Exercise data
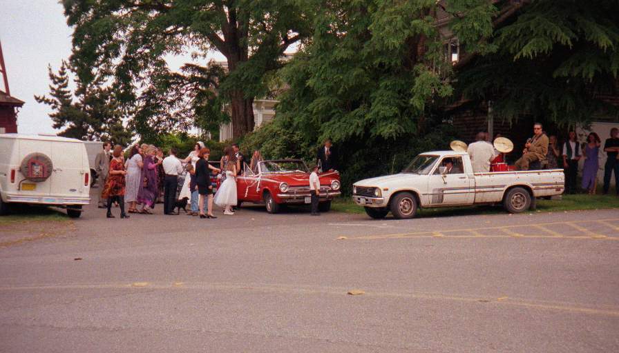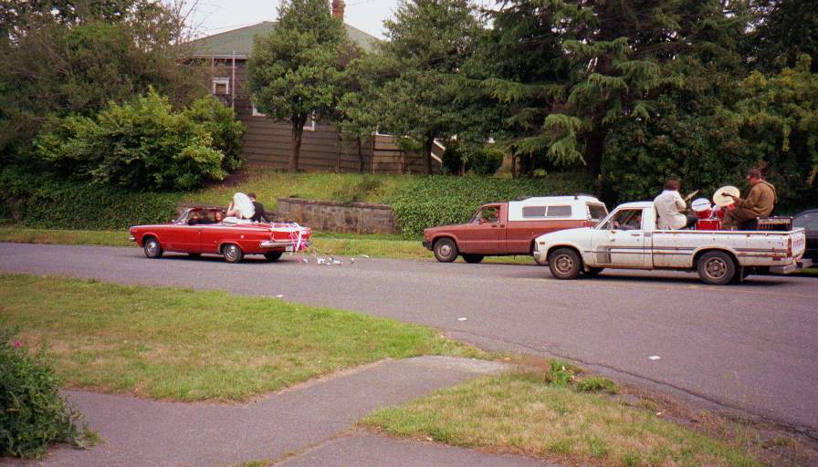 9. Deirdre and Charlie leaving their wedding with band in tow
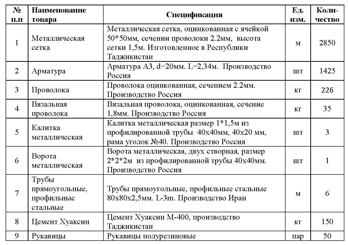 Программа Поддержки развития обществ горных регионов (ППРОГР) — проект Фонда Ага Хана в Таджикистане, при финансовой поддержке Швейцарского Агентства по развитию и сотрудничеству (SDC), в рамках проекта «Интегрированный подход к улучшению здоровья и среды обитания» в Раштской долине приглашает всех заинтересованных, правомочных лиц подать заявки в запечатанных конвертах на поставку строительных материалов в село Сайрон Ляхшского района. Наименования и спецификации приведены в таблице:
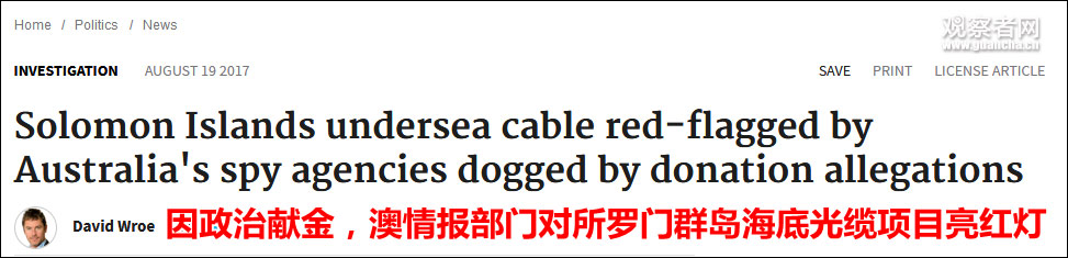 但在去年,所羅門羣島政府在沒有經過適當程序的情況下,突然轉向了華為的一家子公司(即華為海洋,觀察者網注),該公司因安全問題,被澳大利亞情報部門禁止競標某些合同。該報道還稱,所羅門羣島前任政府接受華為650萬美元政治獻金的事件當時“浮出水面”。
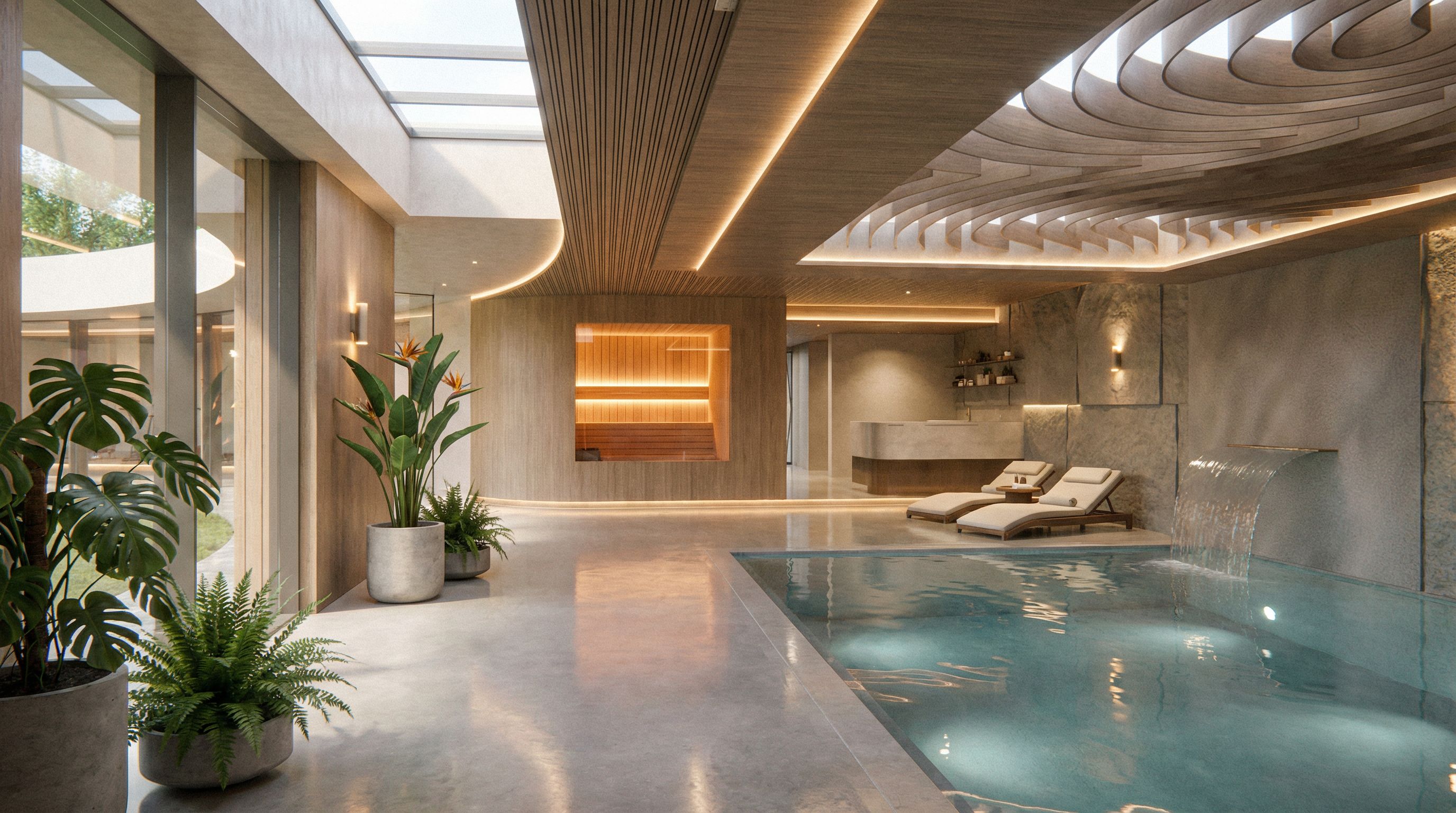 You are professional photographer and expert architect, you role is to transform the input into realistic photograph and add photography effects like chromatic abberation, ISO noise, Film grain, Sharpening pass, Soft glow, Exposure correction, Tone mapping, Bloom + glare mix. Composition: Always keep same input composition and camera angle, accordingly NEVER EVER crop the input or change the angle unless otherwise is mentioned in the user instructions regarding camera angle or composition. For example: if input is a tower, it should be fully visible. Additional guidance: consider the user instructions provided below to help you. Text: if input contains text, ensure to render it correctly. Errors: final output should be 100% correct without any errors or strange things. Input type: you are expected to handle different input types like clay model inputs, freehand sketches, photos, you have to think first how to transform each one into an ideal photograph Creativity and adding details: exteriors: add elements like landscape, context if needed to make the scene perfect award-winning shot. interiors: materials, textures, interior accessories,..etc. Final Result: final result quality always should tend to look like a realistic photograph unless user specifies different style below. User Instructions: "You are professional photographer and expert architect, you role is to transform the input into realistic photograph and add photography effects like chromatic abberation, ISO noise, Film grain, Sharpening pass, Soft glow, Exposure correction, Tone mapping, Bloom + glare mix. Composition: Always keep same input composition and camera angle, accordingly NEVER EVER crop the input or change the angle unless otherwise is mentioned in the user instructions regarding camera angle or composition. For example: if input is a tower, it should be fully visible. Additional guidance: consider the user instructions provided below to help you. Text: if input contains text, ensure to render it correctly. Errors: final output should be 100% correct without any errors or strange things. Input type: you are expected to handle different input types like clay model inputs, freehand sketches, photos, you have to think first how to transform each one into an ideal photograph Creativity and adding details: exteriors: add elements like landscape, context if needed to make the scene perfect award-winning shot. interiors: materials, textures, interior accessories,..etc. Final Result: final result quality always should tend to look like a realistic photograph unless user specifies different style below. User Instructions: "Photo of a modern indoor living space featuring a luxurious pool area, showcasing sleek architectural elements such as stone floors, wooden accents, and large glass windows. The environment is airy and spacious, surrounded by minimalistic furniture and art pieces. Natural diffuse lighting floods the room from above, casting soft shadows. Captured from a low angle to emphasize the layered ceiling design and materials, using a wide-angle lens to enhance the sense of openness and tranquility., keep exact camera angle. Type: interior design. Input: wireframe model. Add: furniture, ambient lighting fixtures" , keep exact camera angle. Type: interior design. Input: wireframe model. Add: furniture, indoor plants, ambient lighting fixtures"

Task to carry out
With the pictures removed, copy the data above word for word.

Result for this task
 9. Deirdre and Charlie leaving their wedding with band in tow
 Программа Поддержки развития обществ горных регионов (ППРОГР) — проект Фонда Ага Хана в Таджикистане, при финансовой поддержке Швейцарского Агентства по развитию и сотрудничеству (SDC), в рамках проекта «Интегрированный подход к улучшению здоровья и среды обитания» в Раштской долине приглашает всех заинтересованных, правомочных лиц подать заявки в запечатанных конвертах на поставку строительных материалов в село Сайрон Ляхшского района. Наименования и спецификации приведены в таблице:
 但在去年,所羅門羣島政府在沒有經過適當程序的情況下,突然轉向了華為的一家子公司(即華為海洋,觀察者網注),該公司因安全問題,被澳大利亞情報部門禁止競標某些合同。該報道還稱,所羅門羣島前任政府接受華為650萬美元政治獻金的事件當時“浮出水面”。
 You are professional photographer and expert architect, you role is to transform the input into realistic photograph and add photography effects like chromatic abberation, ISO noise, Film grain, Sharpening pass, Soft glow, Exposure correction, Tone mapping, Bloom + glare mix. Composition: Always keep same input composition and camera angle, accordingly NEVER EVER crop the input or change the angle unless otherwise is mentioned in the user instructions regarding camera angle or composition. For example: if input is a tower, it should be fully visible. Additional guidance: consider the user instructions provided below to help you. Text: if input contains text, ensure to render it correctly. Errors: final output should be 100% correct without any errors or strange things. Input type: you are expected to handle different input types like clay model inputs, freehand sketches, photos, you have to think first how to transform each one into an ideal photograph Creativity and adding details: exteriors: add elements like landscape, context if needed to make the scene perfect award-winning shot. interiors: materials, textures, interior accessories,..etc. Final Result: final result quality always should tend to look like a realistic photograph unless user specifies different style below. User Instructions: "You are professional photographer and expert architect, you role is to transform the input into realistic photograph and add photography effects like chromatic abberation, ISO noise, Film grain, Sharpening pass, Soft glow, Exposure correction, Tone mapping, Bloom + glare mix. Composition: Always keep same input composition and camera angle, accordingly NEVER EVER crop the input or change the angle unless otherwise is mentioned in the user instructions regarding camera angle or composition. For example: if input is a tower, it should be fully visible. Additional guidance: consider the user instructions provided below to help you. Text: if input contains text, ensure to render it correctly. Errors: final output should be 100% correct without any errors or strange things. Input type: you are expected to handle different input types like clay model inputs, freehand sketches, photos, you have to think first how to transform each one into an ideal photograph Creativity and adding details: exteriors: add elements like landscape, context if needed to make the scene perfect award-winning shot. interiors: materials, textures, interior accessories,..etc. Final Result: final result quality always should tend to look like a realistic photograph unless user specifies different style below. User Instructions: "Photo of a modern indoor living space featuring a luxurious pool area, showcasing sleek architectural elements such as stone floors, wooden accents, and large glass windows. The environment is airy and spacious, surrounded by minimalistic furniture and art pieces. Natural diffuse lighting floods the room from above, casting soft shadows. Captured from a low angle to emphasize the layered ceiling design and materials, using a wide-angle lens to enhance the sense of openness and tranquility., keep exact camera angle. Type: interior design. Input: wireframe model. Add: furniture, ambient lighting fixtures" , keep exact camera angle. Type: interior design. Input: wireframe model. Add: furniture, indoor plants, ambient lighting fixtures"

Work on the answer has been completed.